He released his first single, "Bruises", independently on 31 March 2017. The song quickly amassed almost 28 million plays on Spotify worldwide, making him the fastest-ever unsigned artist to reach 25 million plays on the platform. The song was later re-released as a single in 2019 and went to No. 6 on the UK Singles Chart. After the initial release of the song, he was signed to the German branch of Universal Music Group and was assigned to the Vertigo Berlin division.
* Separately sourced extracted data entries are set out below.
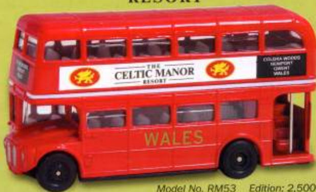
Model No. RM53 Edition: 2,500

It was back in Globe 15 that we released our first Celtic Manor models. There were four in total. To add to these models we are introducing a Routemaster the RM53. The hotel has now been renamed The Celtic Manor Resort as it boasts a whole range of activities including three championship Golf courses. It will also be the venue for the Ryder Cup in 2010 so all you Golf fanatics will be seeing plenty of it in the future. The previous models produced are listed below and we only have stock left of the Bullnose.
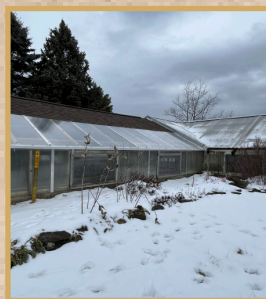
New roof on both the Library and Propagation Room

The Complex is the source of “Landis Grown” plants, best sellers at our plant sales. These buildings are instrumental for propagation work and horticultural education.
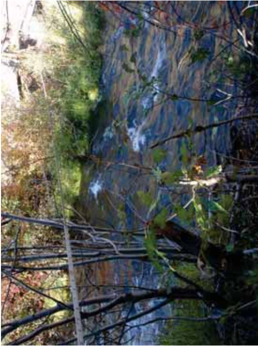
Figure 176. R B: Transect 4 Riffle – From left bank looking to right bank.
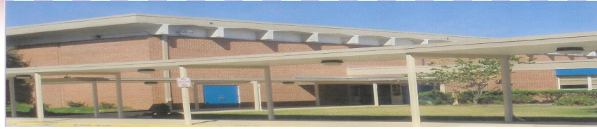
Oak Hill Elementary School
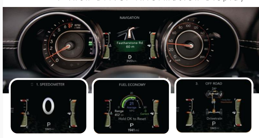
7-inch Driver Information Display

Front and centre in the gauge cluster, you'll find a wealth of scrollable vehicle data in full colour that you safely control via steering-wheel buttons.
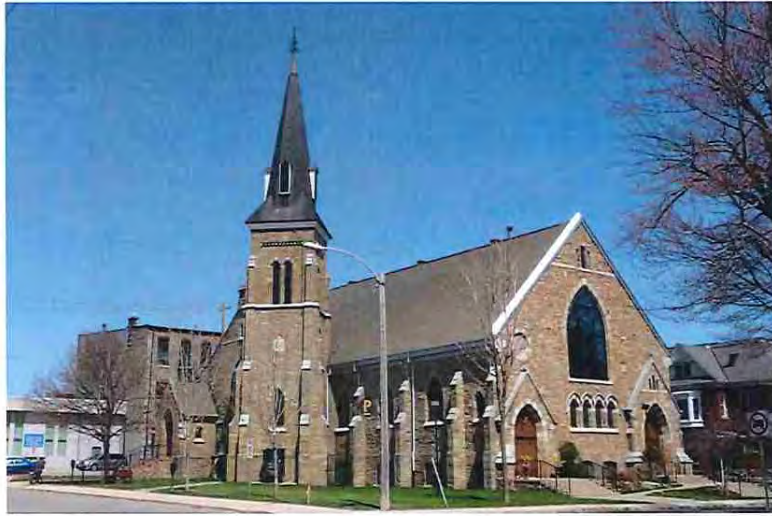
Figure 22: Grace United Church (former Methodist Church), viewed from the southwest (E. Tumak, May 2015).
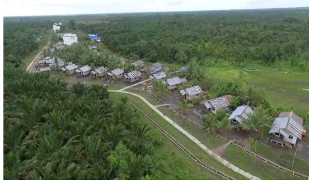
Figure 2. Tribesmen settlement with the sago plantation situation around
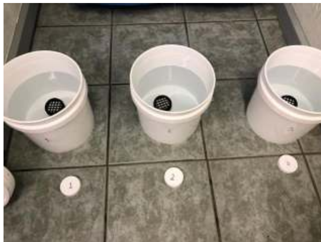
Figure 7: Bucket line-up

This trial aimed to confirm that a TADD containing oil underwater would produce a sheen or not.
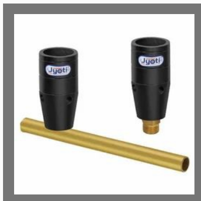
Tea LPG Burners
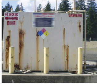
Rusted Steel fuel tank

ConVault offers an exclusive 30 year written Limited Warranty vs. the steel guys who only offer a 1 year written Limited Warranty. ConVault, Inc. warrants each tank against defects in material or workmanship to the original owner from the date of purchase, for a period of twenty (20) or thirty (30) years depending on model number of the tank. ConVault agrees to repair or replace any defective unit without charge provided that the tank is operated and maintained in accordance with the manufacturers Owners Manual.
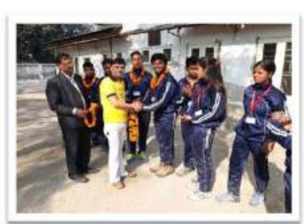
(Youth Empowerment through various awareness and training programmes)
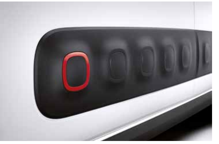
Airbump® coloured surround6 - Standard on Feel & Flair
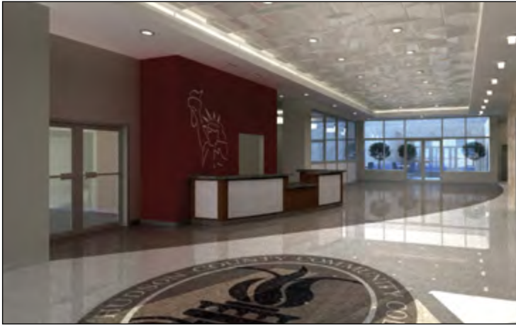
The lobby of the STEM Building measures approximately 1,500 square feet. It features terrazzo floors, stone detail walls, and a coffered ceiling with light pockets.

Hudson County Community College's STEM Building is scheduled to open in the fall of 2017. Its amenities will include six Computer Labs, as well as dedicated laboratories for Organic Chemistry; Science; Chemistry; Engineering; Microbiology; Electric (for computer technology and electronics engineering technology courses); Physics; Biology; and Histology. In addition, the labs will be equipped with emergency showers, secure clean rooms, and secure prep rooms.
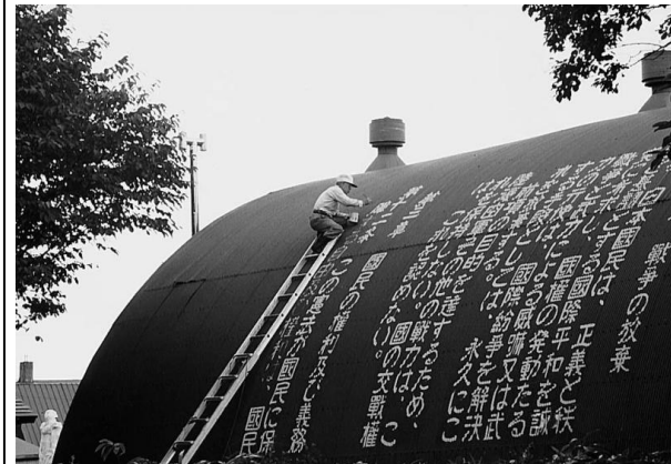
Kawase Hanji's protest against the SDF on the roof of one of his buildings in the middle of the Yausubetsu Firing Range (Kawase passed away in 2009).

In 1961, the Ground SDF's four divisions in Hokkaido consisted of 32,000 service members, about one third of all Ground SDF service members deployed in Japan. 5 On the one hand, this nurtured close economic relations between the SDF and those communities hosting SDF bases, such as Asahikawa and Chitose. The SDF engaged in disaster relief and civil engineering, and these activities were crucial in fostering local public support for the SDF. 6 However, the concentration of SDF personnel and facilities also generated tensions with civilians. Frequent loud noise caused by firing during military maneuvers disturbed civilians' everyday lives and jeopardized their health. During the Cold War, Hokkaido, together with Okinawa, became a focus for anti-base activism, and as Philip Seaton, Kageyama Asako, and Tanaka Nobumasa have noted in this journal, local struggles with the SDF and the US forces continue to this day in Yausubetsu in Eastern Hokkaido. 7
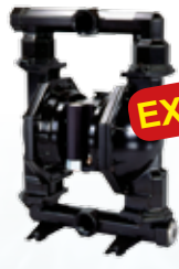
2" (51 mm)
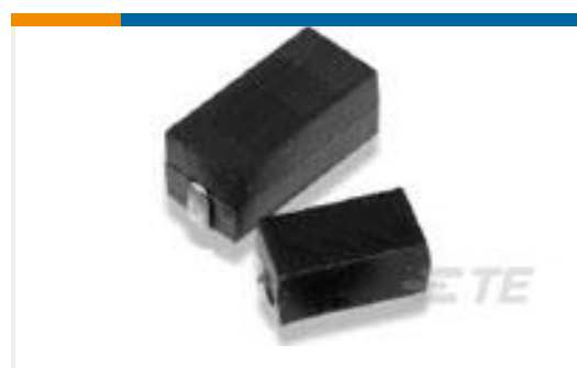
TE Part #4-1676966-1 SMW2 4R7 5%
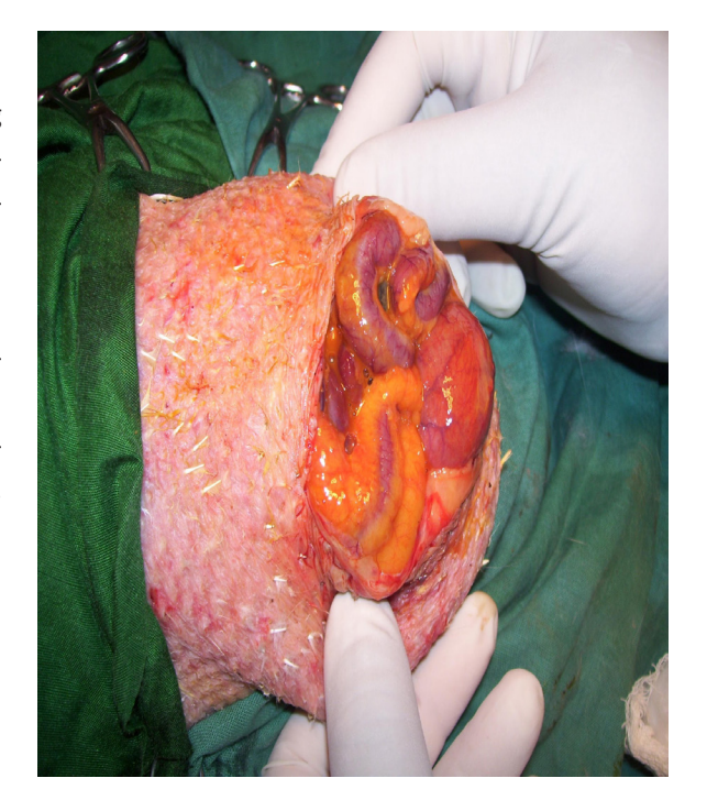
Figure 2: Contents seen after the initial incision.

After the pre-surgical starvation of 30 minutes, the duck was placed under general anaesthesia using the anesthetic regime of Diazepam/ Ketamine as described by Dar et al, [8]. Diazepam (Lori®, Neon laboratories Limited, Mumbai, India) @ 1mg/kg body weight was administered intramuscularly (IM) into the pectoral muscle then five minutes later when the sedation was achieved Ketamine (Aneket®, Neon laboratories Limited, Mumbai, India) @ 15 mg/kg was administered IM into the pectoral muscle. The bird was restrained in dorsal recumbence and the head raised about 30°. The wings were reflected dorsally while the legs were restrained and abducted in caudal direction. After preparation of the operation field, a ventral midline celiotomy were performed. Corrective surgery involved a procedure in which an elliptical transabdominal incision through the skin and abdominal muscles was performed to reduce the size of the distended hernial sac by removing part of the abdominal wall (Figure 2).

His releases are distributed in the UK by Virgin EMI Records and in the US by Capitol Records. His debut single, as well as the songs "Lost on You" and "Fade", were featured on his first extended play, Bloom and later on an album. He supported English singer-songwriters Rag'n'Bone Man and Jake Bugg on their tours in the autumn of 2017.

In January 2018, he joined Milky Chance, a German rock band, on their North American leg of the Blossom tour. On 23 February, his collaboration "Rush" with Canadian singer and songwriter Jessie Reyez was released. Irish singer Niall Horan invited Capaldi to support him on two dates on his Flicker World Tour at the Glasgow SEC Armadillo in March. In May, Capaldi joined British singer Sam Smith on their The Thrill of It All European Tour, opening for Smith over 19 dates. He then had his own headlining tour across the UK and Europe. Capaldi was named one of Vevo DSCVR 'Artists to Watch 2018', and he won Best Acoustic Act at the Scottish Alternative Music Awards. He was also long-listed for BBC Music's Sound of 2018. In August, Irish Indie rock band Kodaline invited Capaldi to open for them at a concert in Belfast. In addition, he performed at many festivals during the summer of 2018 including Lollapalooza, Bonnaroo, Firefly, Mountain Jam, Osheaga, Reading & Leeds Festival, Rize, and TRNSMT. On 8 November, Capaldi's second extended play, Breach, which included his single "Tough", was released.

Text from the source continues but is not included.